Поднялся во весь рост, подметая полой плаща изразцовые плиты пола – это прозвучало как шуршание чешуи гадюкипо камню – и Мария внутренне содрогнулась. Как быстро Босуэллу удавалось переходить от светлой своей стороны к темной… и этот контраст всегда пробуждал трепет в ее душе – рябь глубинных ключей неостывающего влечения. Но она справится с этим.
– И, тем не менее, говорите!
Ее мягкий, властный голос действовал на Белокурого словно запах крови на волка, и думал он сейчас не об эдинбургских новостях, но о том, что слаще покорять властную, чем безвольную… а после молвил:
– Вряд ли я открою вам тайны сердца графа Аррана – я не был радушно встречен лордом-правителем, Ваше величество.
– Неудивительно. Он ведь знает, что вы уже были здесь, прежде чем поклониться ему.
Босуэлл удивился:
– Поклониться регенту? Боже упаси. Я хотел узнать только, чего стоит его хваленая справедливость к изгнанникам, возвращающимся на родину – и нашел, что для меня лично Джеймс Гамильтон сделал исключение… в довольно неприятную сторону.
Вот еще один пример для тех, думала королева, кто считает Джеймса Гамильтона глупцом – как бы не так! Пребывавший всю жизнь за надежной спиной Финнарта, теперь этот молодой человек заходит с козырей и показывает себя взбалмошным, непредсказуемым и потому опасным игроком. Верни он Босуэллу достояние – это приведет его к чудовищным осложнениям отношений с Ангусом, а Дугласы, родня Аррана по жене, ныне в большой силе… однако и Босуэлл вроде бы в родстве с братом регента, потому неизвестно, когда Аррану придет в голову переменить гнев на милость. Он может придерживать приграничника в ожидании, до поры, когда разочтется с Дугласами. И пока колеблется регент, она должна опереться своей слабой рукой на перчатку графа.
– Это опрометчиво с его стороны, – молвила Мария де Гиз и взглянула прямо в глаза Белокурому.
Так игра началась.
Если бы то был мужчина, Патрик Хепберн прочел бы в его лице неприкрытый вызов. Бедняжка, что ж, она думает, что выстоит в этой битве? Долгое мгновение мужчина и женщина смотрели друг на друга, и время остановилось, затем Мария де Гиз отвела взор и заговорила первой, по-прежнему мягко, с той легкой иронией, что равно сообщала словам ее и увлечение, и отстраненность:
– Да, опрометчиво…ибо тот, кто в эти бурные дни приобретет вашу поддержку, граф, весьма выиграет, я полагаю.
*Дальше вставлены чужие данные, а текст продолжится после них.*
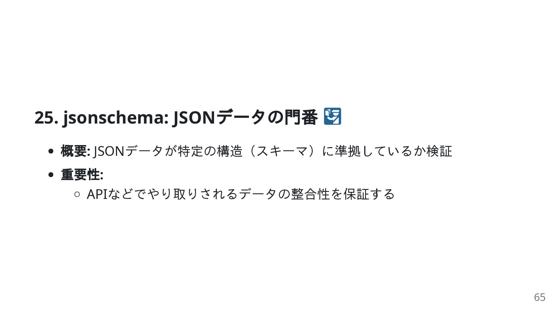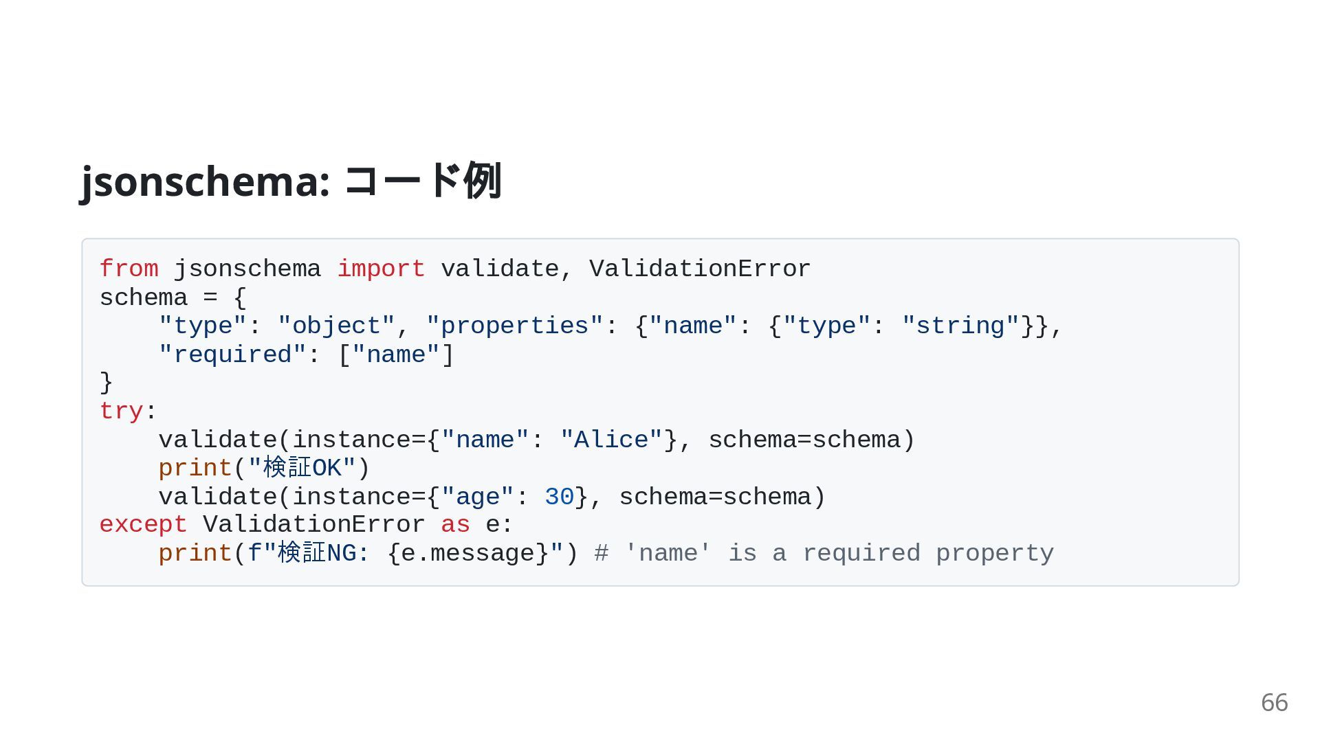 "type": "object", "properties": {"name": {"type": "string"}}, "required": ["name"] } try: validate(instance={"name": "Alice"}, schema=schema) print("検証OK") validate(instance={"age": 30}, schema=schema) except ValidationError as e: print(f"検証NG: {e.message}") # 'name' is a required property 66
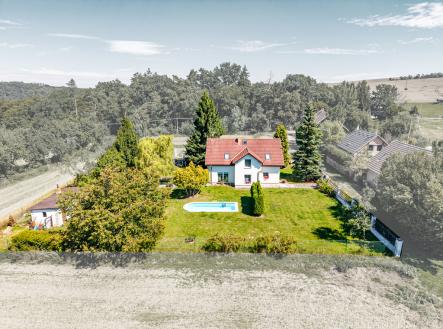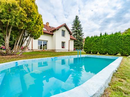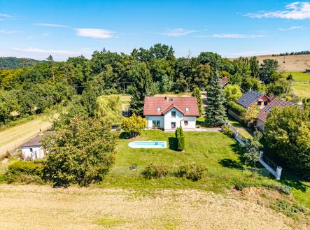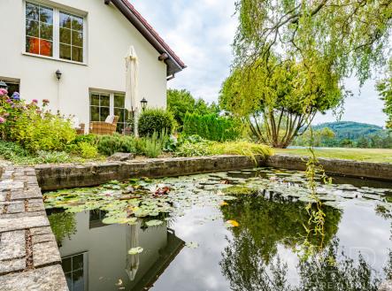 Stylový rodinný dům 4+kk se zahradou, bazénem a jezírkem v Radonicích u Divišova
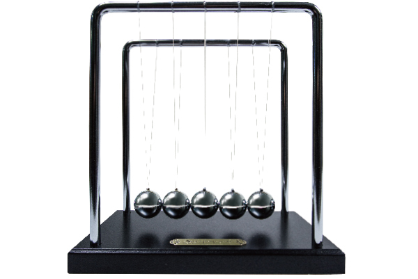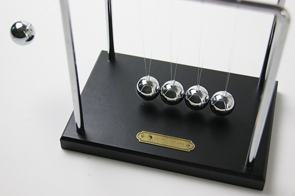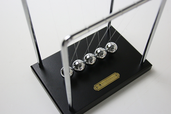 物理學原理中的動量守恆定理,相信大家都很熟悉。使用一颗球推動另外4顆球,你就會發現,只有1颗球會來回擺動;如果是2颗球的話,2顆球來回擺動,不需任何電力就能讓球受力均匀撞擊,是相當趣味又好看的科學商品!
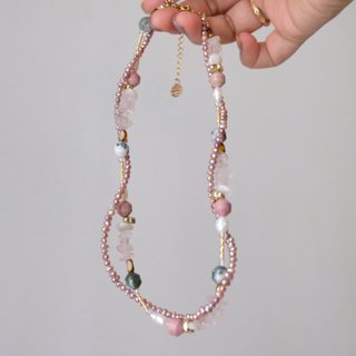ALYSSA & JAMES紫色淡水珍珠 樹紋瑪瑙 紅木紋瑪瑙 粉晶 頸鏈
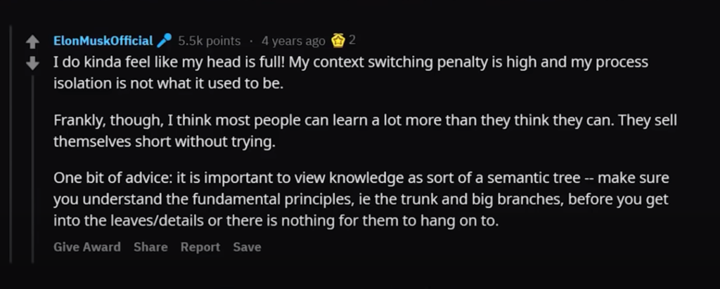 On a reddit AMA (Ask me Anything) Elon shared thoughts about learning:
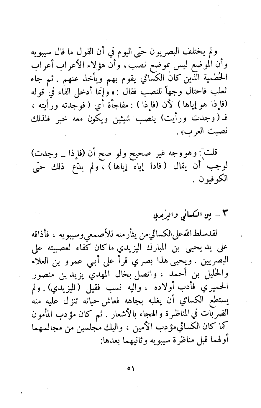 ولم يختلف البصريون حتى اليوم في أن القول ما قال سيبويه, وأن الموضع ليس بموضع نصب، وأن هؤلاء الأعراب أعراب الحطمية الذين كان الكسائي يقوم بهم ويأخذ عنهم. ثم جاء ثعلب فاحتال وجها للنصب فقال: "وإنما أدخل الفاء في قوله: "فإذا هو إياها" لأن "فإذا" مفاجأة أي: فوجدته ورأيته، فـ "وجدت ورأيت" ينصب شيئين ويكون معه خبر؛ فلذلك نصبت العرب".
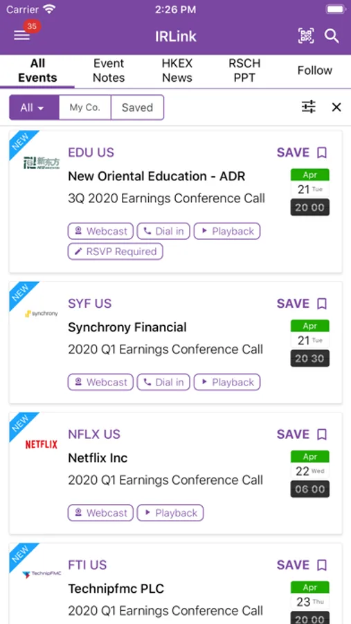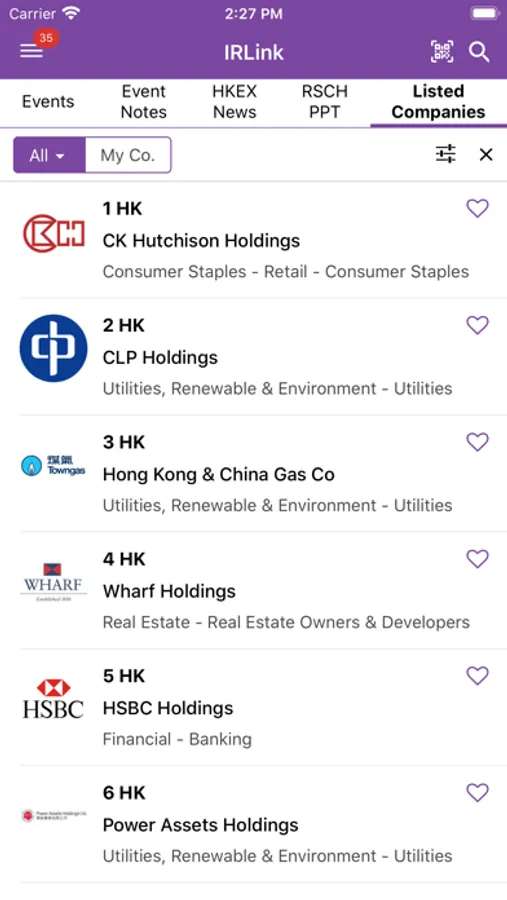 * Meetings and roadshows: track corporate events hosted by listed companies, brokers and PR firms easily in our centralized event database through easy filter settings. Receive alert when a company you follow has posted a new event. You won’t miss any important events.

Но время идет, союзники предают друг друга, и наступает время, когда королева вновь попытается купить Босуэлла. Ему сорок, он стрелянный воробей и прожженый черт, и хотя на сей раз у него опять нет ни гроша, он начинает и выигрывает, потому что женщина все еще любит его.
И глаза такие добрые-добрые...
Когда перед пажом с шорохом отступила портьера, Мария в один взгляд поняла, что час ее пробил.
– Оставьте нас! – и леди Ситон торопливо вышла из кабинета, следом за ней с поклоном исчез и паж.
– Не боитесь остаться со мной наедине? – высокий мужчина выступил из полутьмы стенной ниши в золотистое марево свечного света.
Мария молчала.
Сейчас, спустя пять лет, когда их встреча наконец состоялась, она не сразу могла найти слова, чтобы говорить с ним. И о чем? Оправдываться, гневаться, умолять? Укорять за измену, требовать объяснений, просить о дружбе? С Босуэллом никогда не бывало просто, но сейчас, когда меж ними легли ее нарушенные обещания и его годы изгнания, стало сложно невыразимо. И сейчас, взглянув на него вблизи, не стесненная этикетом, она вынуждена была признаться себе, что глубоко тоскует о нем…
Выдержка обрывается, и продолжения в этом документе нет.